<<<<

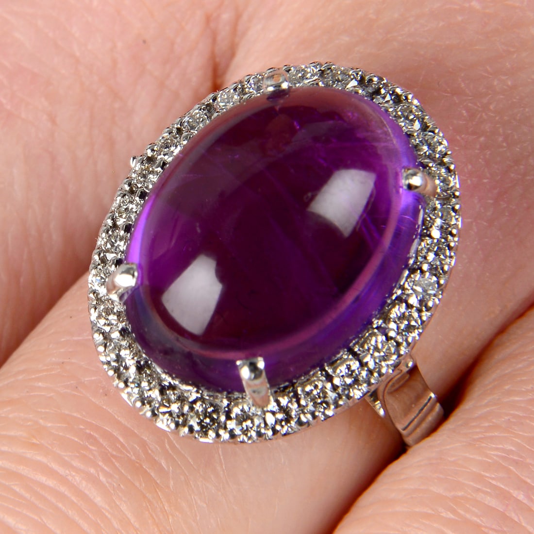 14k Gold 6.0 Ct Natural Amethyst & Diamond Ring
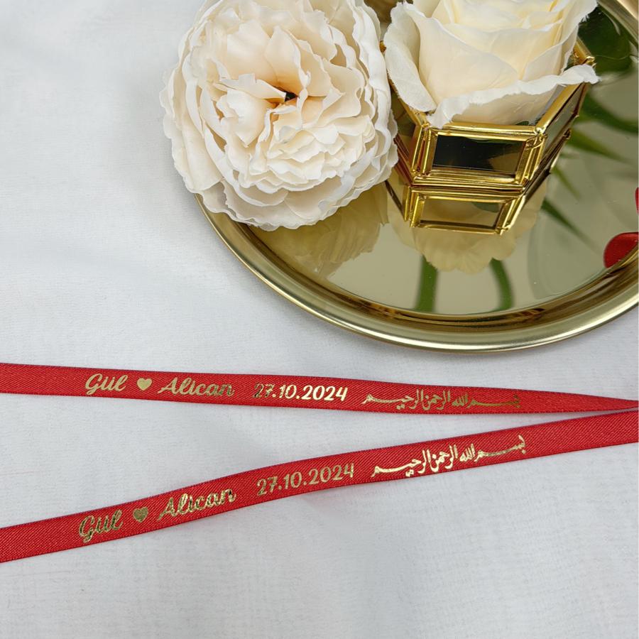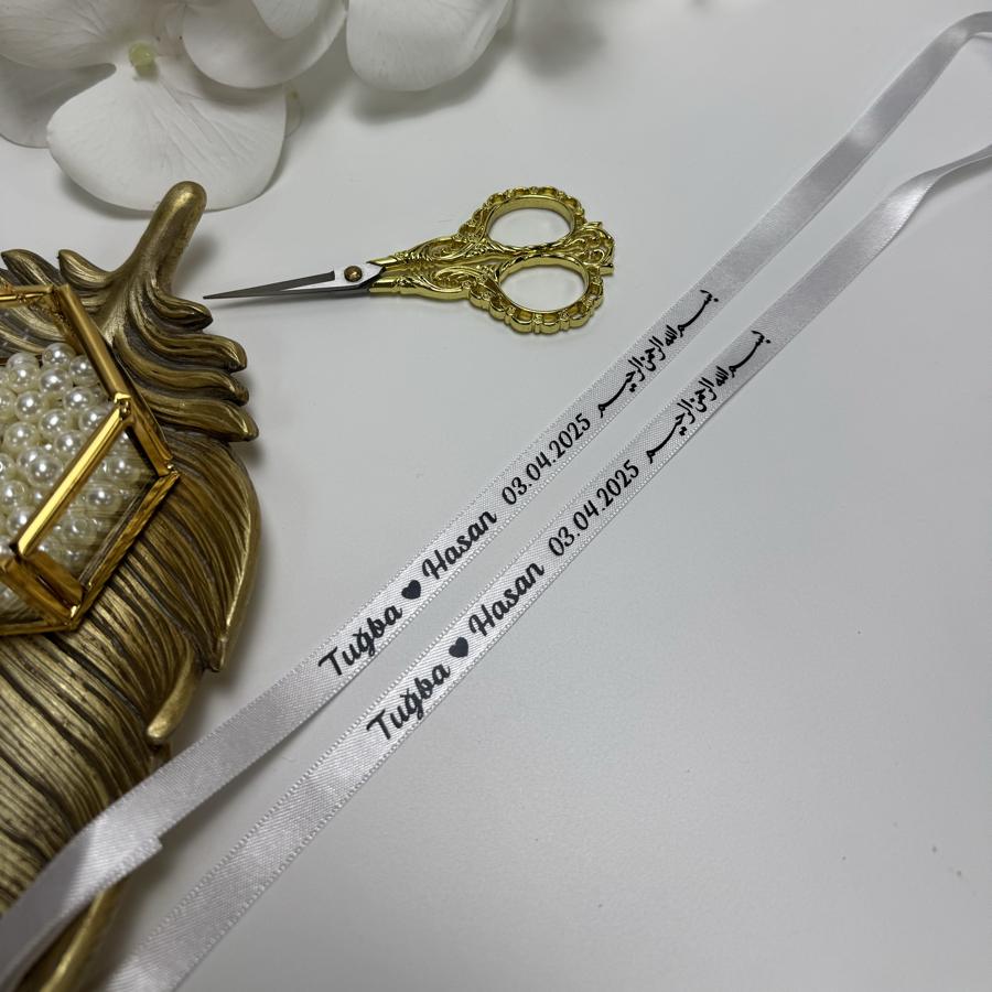 Besmele Detaylı Saten Yüzük Kurdelesi (En:1cm) (Model:2)
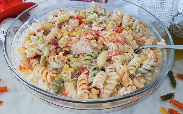 Potrebno je samo da skuvate makarone, ostale sastojke pomešate sa njima i ručak za danas je gotov! Ova salata može da vam posluži kao deo predjela na bogatoj slavskog trpezi.

>>>>

What the task requires: Omit the pictures and give the material again, exactly and in full.

Finished task:
 14k Gold 6.0 Ct Natural Amethyst & Diamond Ring
 Besmele Detaylı Saten Yüzük Kurdelesi (En:1cm) (Model:2)
 Potrebno je samo da skuvate makarone, ostale sastojke pomešate sa njima i ručak za danas je gotov! Ova salata može da vam posluži kao deo predjela na bogatoj slavskog trpezi.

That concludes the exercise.